Эти годы я жил, как и всегда прежде, не замечая времени, пробегающих мимо зим и вёсен, погоды, природы, будто и не выходя из дому. Да я и не выходил почти за пределы моей долины, скрывшись от людей, изредка посещая дальние города, чтобы прикупить то, что было необходимо. Я привык жить именно так во времена вынужденного «отселения», как зимняя спячка моё отшельничество должно продлиться достаточно, чтобы меня некому было вспоминать, а значит начать новую жизнь.

Когда мои сыновья от Неявы достигли возраста, что пора была отдавать в дело, в учение мастерам, я отвёз их вместе с их матерью из своего лесного терема. Не вспомнят ни Неява, ни мои сыновья, Акулин, Гром и Куржевин ни меня, Сингайла для них, ни лесного дома нашего. Помнить будут, что их отец, мельник, помер от мора, но к ним был добр и любил их всех. Последнее, кстати, было верно. Так долго, как Неява, немного женщин задерживалось здесь, в скалистом лесу.

А вообще, инно усталая немочь напала на меня после того, как меня изгнали из Авгалла, едва не убили там… Да что говорить, не Арика снадобья и заботы Неявы, я бы погиб. Самому себе своею Силою я помочь не могу, именно потому я, предвечный, всё же смертен. Любого я могу у Смерти вырвать, но не себя. Сам я в немощи обыкновенный человек, как все прочие.

Все эти годы мне хотелось увидеть брата после, тем более что странная загадка, зачем он брал книгу со странными нечитаемыми письменами, не давала мне покоя, за столько лет, я так и ни разу и не смог до него добраться. Не один и не два раза, а много-много раз я приезжал, приходил по давно мной изведанному пути к его дому, но не заставал его. Будто он, как зверь чувствовал моё приближение и прятался. Но куда и для чего? Раньше он никогда так не делал. Я не видел его, но я увидел многое, то, например, как удивительно преобразился его двор: разукрашенный теперь его дом, стол во дворе, баню, даже сараи кто-то изукрасил, кто и когда так разрисовал его жилище, к тому же подновлял к весне, меняя цвета и рисунки украс, диковинные и замечательные. Али сам Арик со скуки в отшелье своём увлёкся малеванием энтим? Ответа не найдёшь, как и хозяина, где таскается всё время? Всё так же бегали куры, паслись коровы и кони в обширном дворе, похрюкивали свинки в хлеву, но ни следа человеческой души не было здесь всякий раз, когда я приходил.

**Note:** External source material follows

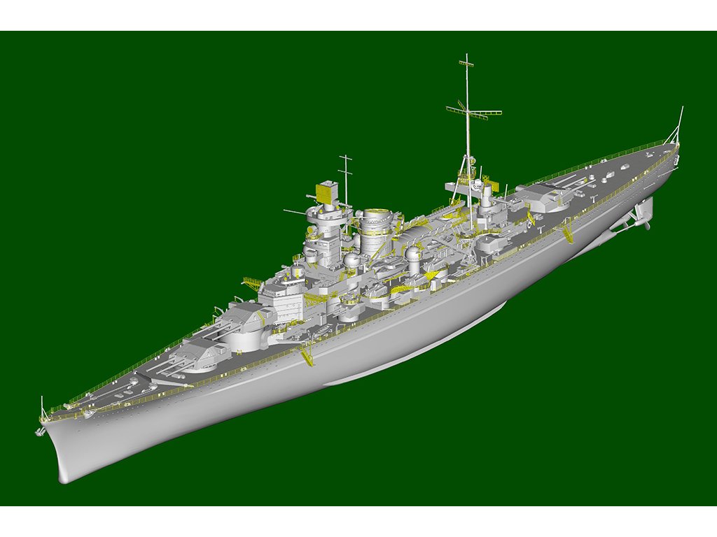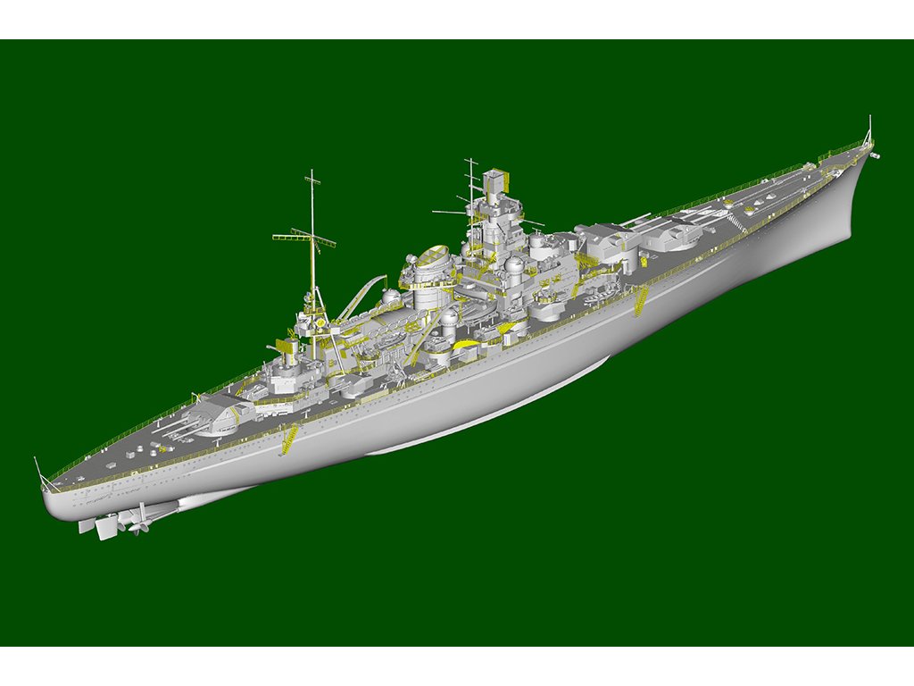 Stavebnica plastového modelu nemeckej bojovej lode používanej počas 2. svetovej vojny.

Войти на двор, перейдя через ограду, я не мог, потому что, если я выстроил вокруг моего дома воображаемые скалы, сквозь которые мог пройти только я один, но сам Арик мог преодолеть их, просто взобравшись и спустившись после в мою долину, правда, только он один, ни человек, ни зверь прейти границы моей долины не могут, один только мой предвечный брат, то в его двор не могу войти даже я. Наверное, если бы я очень захотел преодолеть его препоны, я смог бы, могу же я швырять скалы, не касаясь даже рукой. Но, не видя никого здесь, чего ради я стал бы это делать? Чтобы войти в его дом, и просто посмотреть каков он изнутри? Хотя это и любопытно, но не думаю, что стоит усилий.

Я решил поискать его в городе. Я знаю, что он спускается в Авгалл, и не реже, чем в месяц раз, а по-хорошему, так и несколько раз в седмицу. Пришлось мне нацепить лохмотья, бороду, патлы сделать, с гривы моего коня срезав несколько прядей и прицепив к шляпе из войлока с широкими полями, кои любят бродяги, и я, самый богатый человек из всех, кто когда-либо жил на берегах Великого Байкала, прикинувшись нищим, прохаживался по улицам, стараясь выловить моего брата, чувствуя себя сетью с бубенчиками, моя душа зазвенит сразу, едва он окажется поблизости.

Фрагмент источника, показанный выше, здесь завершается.